▸ PROBLEM REQUIREMENTS: Nothing but a verbatim copy of the data, minus the images, should be returned.

▸ DATASET CONTENT:
▽
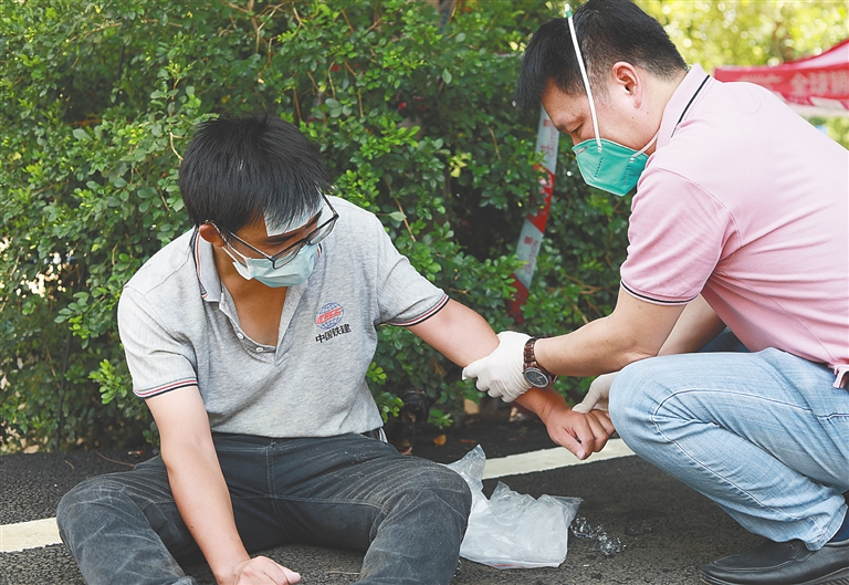 此时,傅雷躺在地面上,两只胳膊已经抽筋,他的双手紧握,无法自主张开。谢代彬便单膝跪地,为他逐个按摩手上的穴位。“应该是因为他的血液流通慢了,”谢代彬向海南日报记者解释,“按摩穴位能够促进血液循环。”
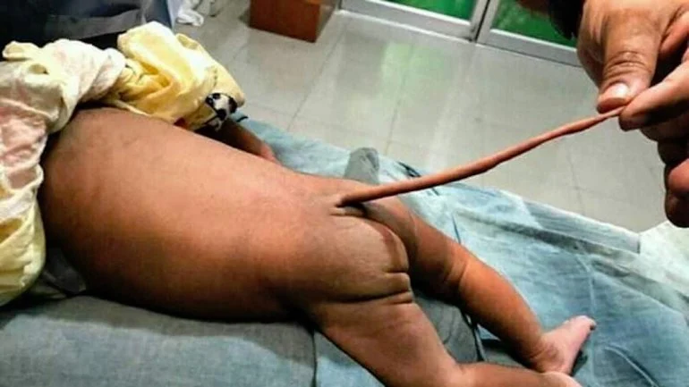 sociais desde o mês passado. A criança nasceu com uma cauda de 13
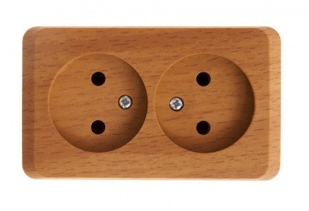 Двойная розетка 16А без заземления, износостойкий корпус бук, накладной монтаж — отличное решение для дома, офиса и мастерской.
△
▸ REPLY TO THE TASK:
 此时,傅雷躺在地面上,两只胳膊已经抽筋,他的双手紧握,无法自主张开。谢代彬便单膝跪地,为他逐个按摩手上的穴位。“应该是因为他的血液流通慢了,”谢代彬向海南日报记者解释,“按摩穴位能够促进血液循环。”
 sociais desde o mês passado. A criança nasceu com uma cauda de 13
 Двойная розетка 16А без заземления, износостойкий корпус бук, накладной монтаж — отличное решение для дома, офиса и мастерской.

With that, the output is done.